Women in Technology

Women in Technology

When I look for a job these days, I start with looking at the team page before I apply. Is the CEO a man, what about the Managers, any women there? What roles are these women in? Marketing, HR? To apply at a company, I need to see a lot of women managers and I need to see them in all roles, not just the “soft” departments. Why? Because having a woman as your CTO tells me that you’re not limiting your team by gender. It means your company is actively looking to get more women in Tech (this doesn’t just happen) and that is a big draw for me.

Although women were well represented in the early days of computer sciences (1940s), Tech has increasingly been male-dominated since the mid-1980s (most programmers were men, only 38% women). As the tech industry matured, we saw a broadening of the roles that were needed in software companies, allowing more opportunities for women. Women make it to the Head of Marketing position,Training Manager, HR Lead or Director of Client Engagement – all departments that are needed and have an impact on the company. While the Head of Operations, the Director of Technology, the Business Development Manager, those roles remain under-represented by women. Yet those are the very roles that lead to the C-Suite and the Executive table. It is among these positions that companies looking for new CEOs are sourcing candidates. When Board of Directors are adding new board members, they ask for CEOs. Women are as capable as men of heading those departments, but we still meet resistance and the glass ceiling when it comes to moving into revenue-generating roles. If women can’t head the revenue departments, we can’t transition to the top of the chain.

How do we then make a case for women in those roles? Let’s start with how it’s good for your company productivity. When women see a diverse team of managers, they will trust that promotion is not gender restricted. They will likely work harder knowing those positions are within reach, you get twice the options when it comes to moving people up.

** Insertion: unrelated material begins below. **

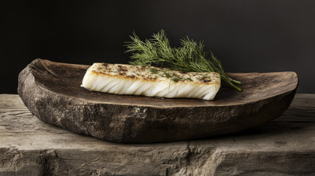 A perfectly pan-seared white fish fillet with crispy golden skin, served on a ceramic plate. Garnished with fresh dill and a lemon wedge, the dish represents a healthy and gourmet seafood meal.

“Good leadership requires you to surround yourself with people of diverse perspectives who can disagree with you without fear of retaliation.” — Doris Kearns Goodwin

Diversity is good. Women are typically more empathetic and compassionate than men. They consider the feelings of others before acting. There are significant advantages to this when it comes to making businesses successful.

I was once part of a forum of women where someone posted that a client had requested a quote for additional work but that since she knew that they had lost a big account, she was wondering if she should offer them a discount for this new quote. Most of the women debated this with 50% roughly agreeing that a discount was a good idea. I countered, “Do you think a man would ever offer to discount a bid just out of being nice and considerate? Do you think that male client would ever consider asking for a discount from a male service provider?” Of course not. The fact is that the client would not have dreamed of asking for a discount, but as a woman who anticipated her client might be struggling financially, she was going out of her way to be compassionate. 

While this strategy might be bad for the bottom line, it is probably great for retaining clients. When times get rough, this is a perspective you ought to have among executives. Having women as part of your decision-making team means that you have a more rounded view of a situation, consider different perspectives and scenarios, and can make more informed decisions. This is one of the reasons why companies with diversity do better financially (5 to 20% better).

Consider your products and services too. When women have a voice, they will be able to provide the female perspective of your clients. A table full of men might not see that your new sales strategy will run cold with women. The views women bring to the table, their attributes and skills being different than the men’s is a good thing.

“The quality, relevance, and impact of the products and services output by the technology sector can only be improved by having the people who are building them be demographically representative of the people who are using them.”  — Tracy Chou 

Technology is leading the world and when women make up 50% of Tech, we will be well placed to be the change-makers that we have the potential to be. Now that’s a world I want to see. And soon.